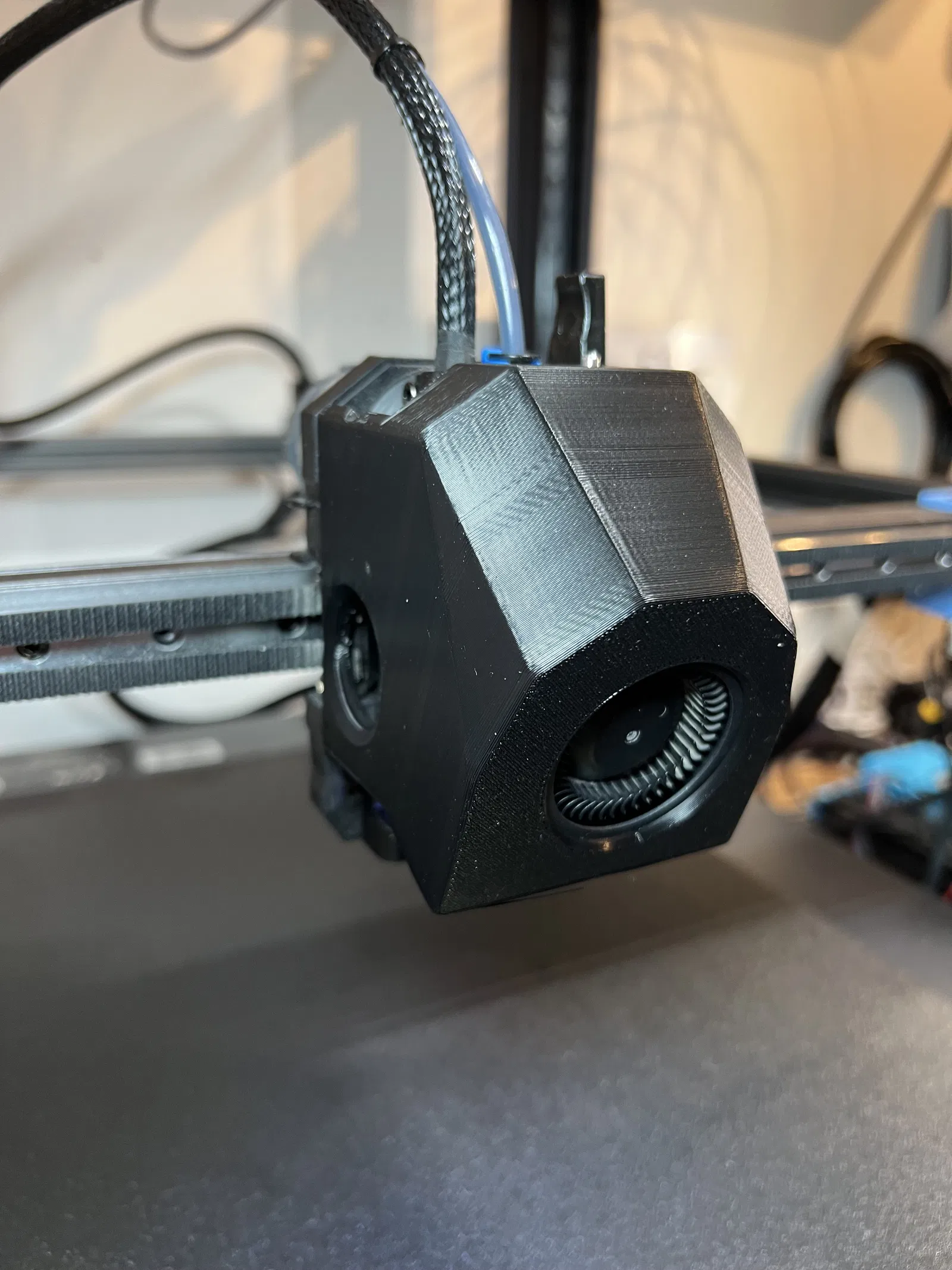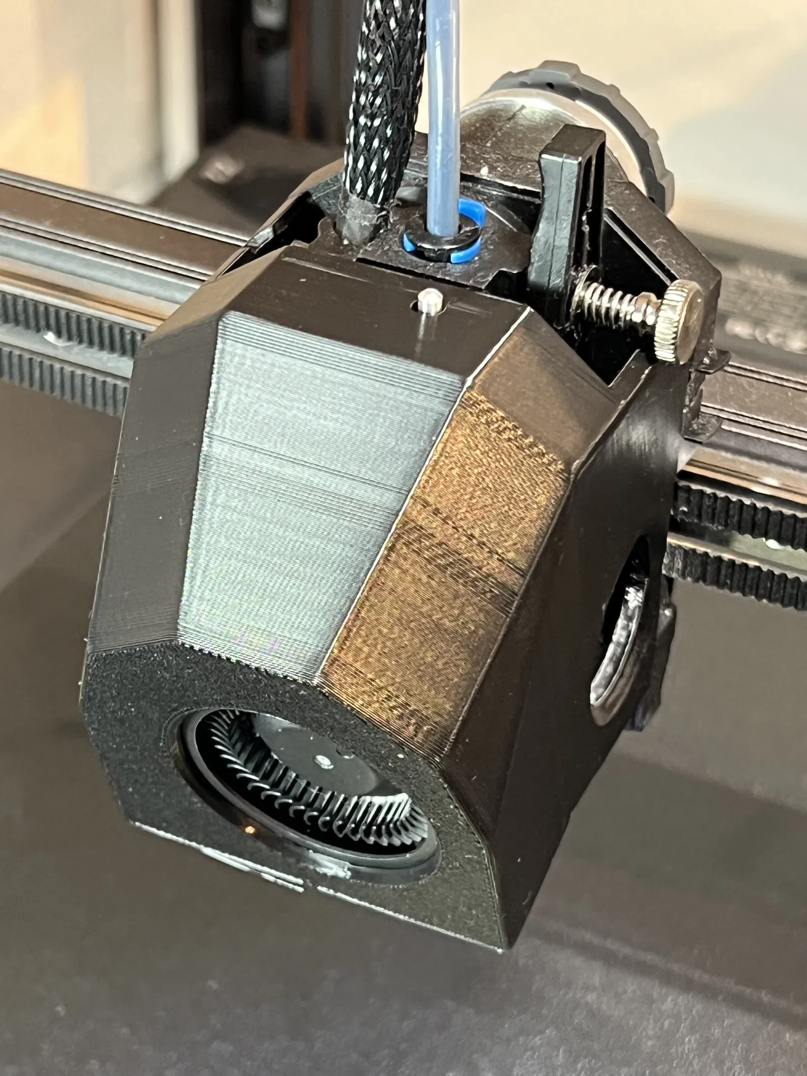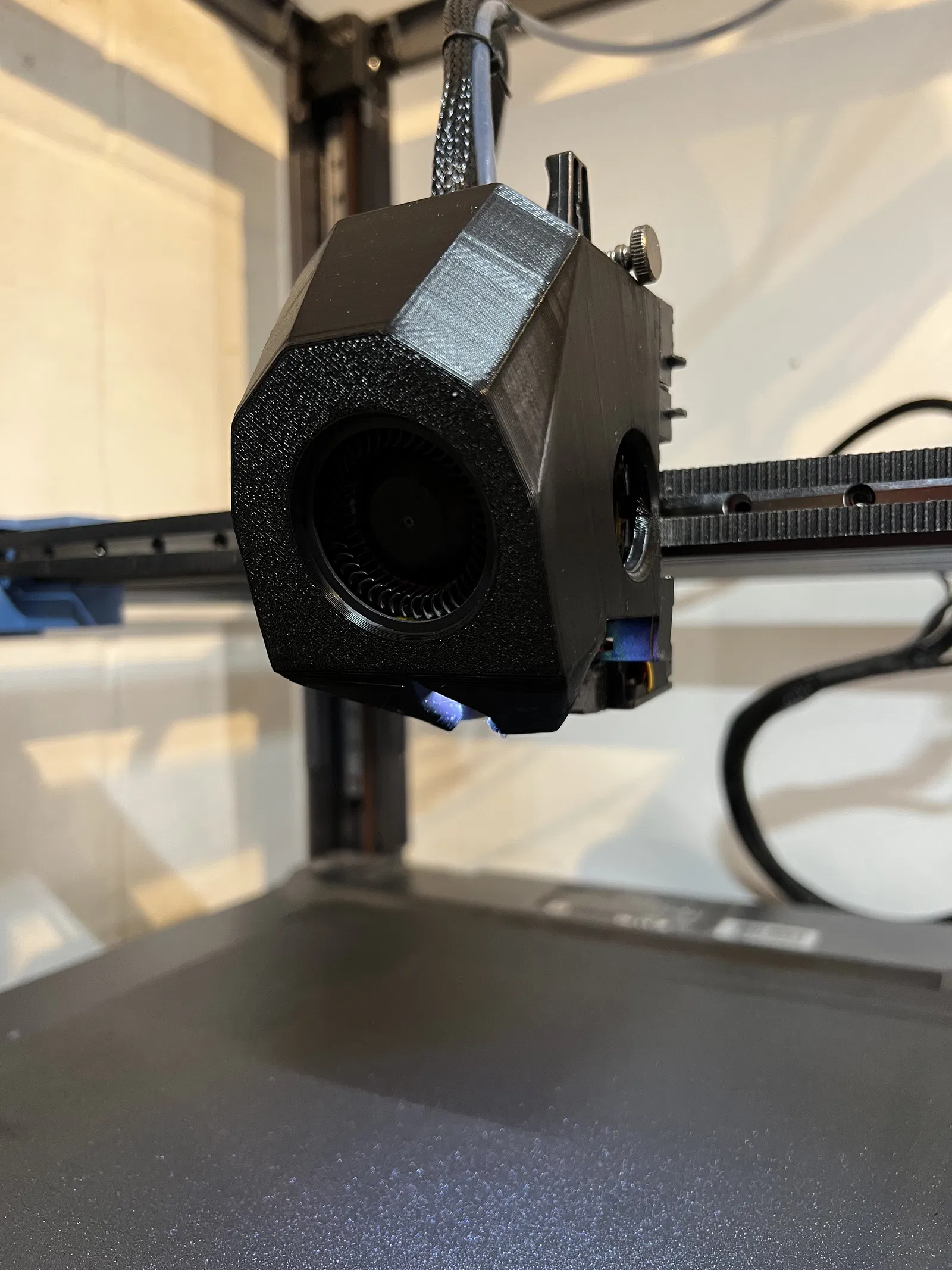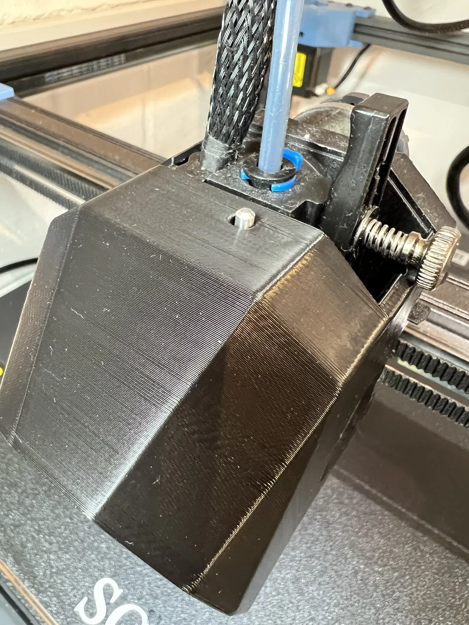 Mình vừa lắp enclosure kit cho SV08 và nhận ra cái shroud này thò ra nhiều quá, nên khi đầu in ở sát phía trước (lúc bắt đầu in) nó bị đụng vào cửa trước. Vì vậy chắc mình sẽ làm một thiết kế mới để tránh bị vậy.
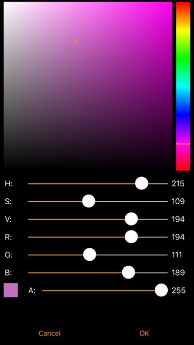 - Choose from a large colour palette or add your own custom colour with the colour picker. Your custom palette will be stored along with your project
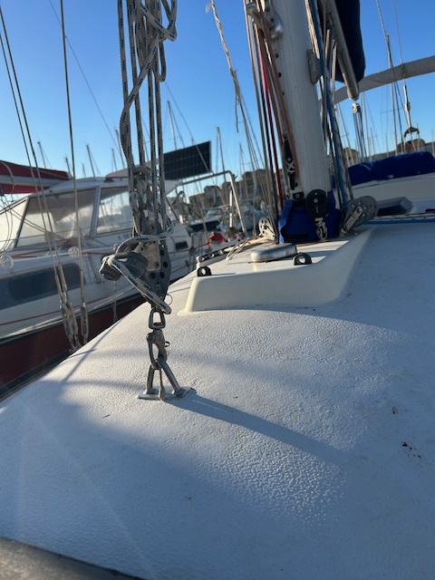 Sur le x 43, j'ai une cadène en arrière de la bail a mouillage qui sert a fixer le hale bas de tangon (je pense? mais j'ai pas de tangon).
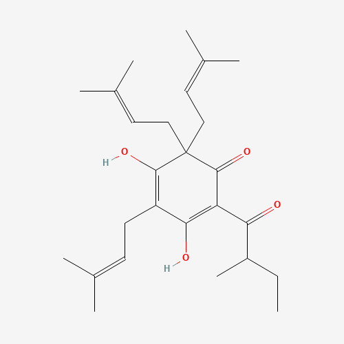 - Synonyms:ADLUPULONE;O2S4D7K08Y;28374-71-2;31769-60-5;UNII-O2S4D7K08Y;2,4-Cyclohexadien-1-one, 3,5-dihydroxy-4,6,6-tris(3-methyl-2-buten-1-yl)-2-(2-methyl-1-oxobutyl)-;35049-54-8;3,5-dihydroxy-2-(2-methylbutanoyl)-4,6,6-tris(3-methylbut-2-enyl)cyclohexa-2,4-dien-1-one;4-Cyclohexene-1,3-dione, 5-hydroxy-2,2,6-tris(3-methyl-2-buten-1-yl)-4-(2-methyl-1-oxobutyl)-;SCHEMBL817774;CHEBI:136852;DTXSID901318318;Q27894794;3,5-Dihydroxy-4,4,6-tris(3-methyl-2-butenyl)-2-(2-methylbutyryl)-2,5-cyclohexadien-1-one;3,5-Dihydroxy-2,6,6-tris(3-methyl-2-butenyl)-4-(2-methyl-1-oxobutyl)-2,4-cyclohexadien-1-one;3,5-dihydroxy-2-(2-methylbutanoyl)-4,6,6-tris(3-methylbut-2-en-1-yl)cyclohexa-2,4-dien-1-one;468-26-8
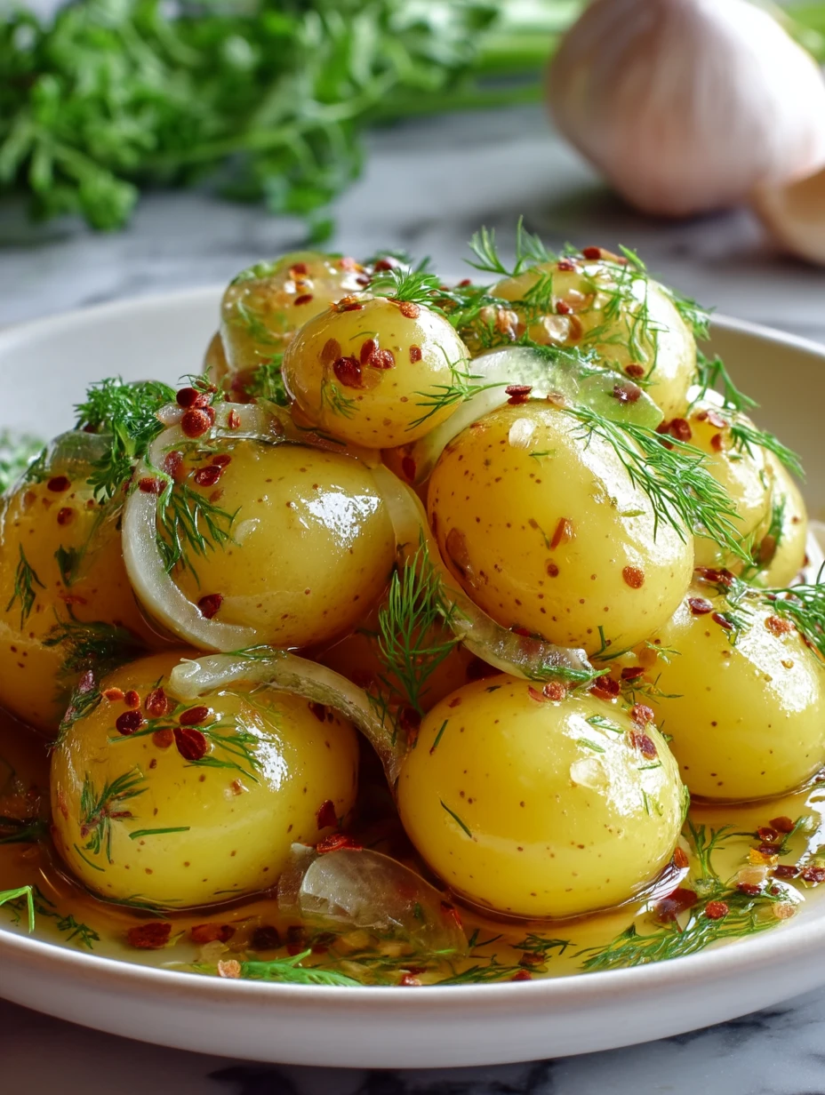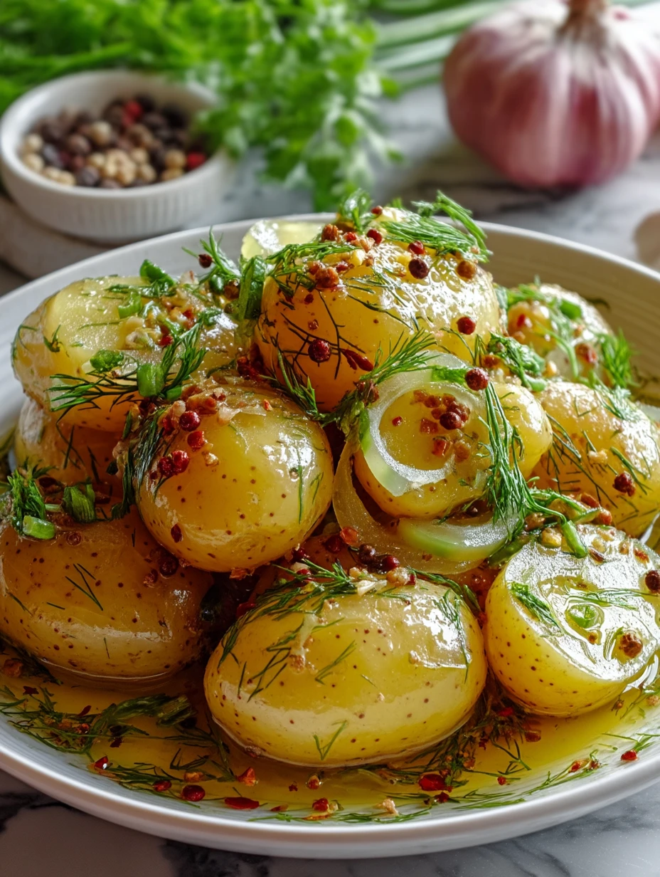 Before serving, give the potatoes a gentle stir so the brine, herbs, onions, and seasonings are evenly distributed. Taste and adjust with an extra pinch of salt, fresh dill, or red pepper flakes if needed.
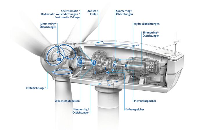 Other wind turbine components from Freudenberg, including globally-certified seals and pressure accumulators, also help these gigantic energy systems to operate efficiently and minimize unplanned maintenance by reducing pre-charge losses and accommodating pressures of up to 350 Bar or 5,000 psi.

> **HOW TO COMPLETE THIS TASK**
Retype only the lines that run from the first line of the entries above to the line containing "Sur le x 43, j'ai", both included. Do not carry over any pictures.

> **WRITTEN ANSWER**
 Mình vừa lắp enclosure kit cho SV08 và nhận ra cái shroud này thò ra nhiều quá, nên khi đầu in ở sát phía trước (lúc bắt đầu in) nó bị đụng vào cửa trước. Vì vậy chắc mình sẽ làm một thiết kế mới để tránh bị vậy.
 - Choose from a large colour palette or add your own custom colour with the colour picker. Your custom palette will be stored along with your project
 Sur le x 43, j'ai une cadène en arrière de la bail a mouillage qui sert a fixer le hale bas de tangon (je pense? mais j'ai pas de tangon).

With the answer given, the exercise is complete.